*** Opening of Exercise material ***
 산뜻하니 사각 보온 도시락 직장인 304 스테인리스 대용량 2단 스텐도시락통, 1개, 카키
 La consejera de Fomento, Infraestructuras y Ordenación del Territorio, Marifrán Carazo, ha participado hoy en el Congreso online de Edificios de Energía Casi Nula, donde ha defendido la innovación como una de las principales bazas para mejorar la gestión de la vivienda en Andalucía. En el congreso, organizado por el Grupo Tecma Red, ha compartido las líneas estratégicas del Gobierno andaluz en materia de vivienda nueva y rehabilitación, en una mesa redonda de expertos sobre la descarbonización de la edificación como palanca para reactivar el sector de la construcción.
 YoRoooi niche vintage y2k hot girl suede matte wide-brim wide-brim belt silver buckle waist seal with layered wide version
*** Close of Exercise material ***
*** Opening of Exercise material ***
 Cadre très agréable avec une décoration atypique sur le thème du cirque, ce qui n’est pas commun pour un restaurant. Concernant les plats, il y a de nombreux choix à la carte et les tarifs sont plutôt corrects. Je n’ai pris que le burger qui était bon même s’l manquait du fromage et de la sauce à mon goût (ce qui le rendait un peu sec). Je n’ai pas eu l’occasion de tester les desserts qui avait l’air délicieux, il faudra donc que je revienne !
*** Close of Exercise material ***
Directions for this task: When you reach the line in the material above that holds "La consejera de", begin reproducing lines exactly, and stop after the line that holds "YoRoooi niche vintage".

Worked solution:
 La consejera de Fomento, Infraestructuras y Ordenación del Territorio, Marifrán Carazo, ha participado hoy en el Congreso online de Edificios de Energía Casi Nula, donde ha defendido la innovación como una de las principales bazas para mejorar la gestión de la vivienda en Andalucía. En el congreso, organizado por el Grupo Tecma Red, ha compartido las líneas estratégicas del Gobierno andaluz en materia de vivienda nueva y rehabilitación, en una mesa redonda de expertos sobre la descarbonización de la edificación como palanca para reactivar el sector de la construcción.
 YoRoooi niche vintage y2k hot girl suede matte wide-brim wide-brim belt silver buckle waist seal with layered wide version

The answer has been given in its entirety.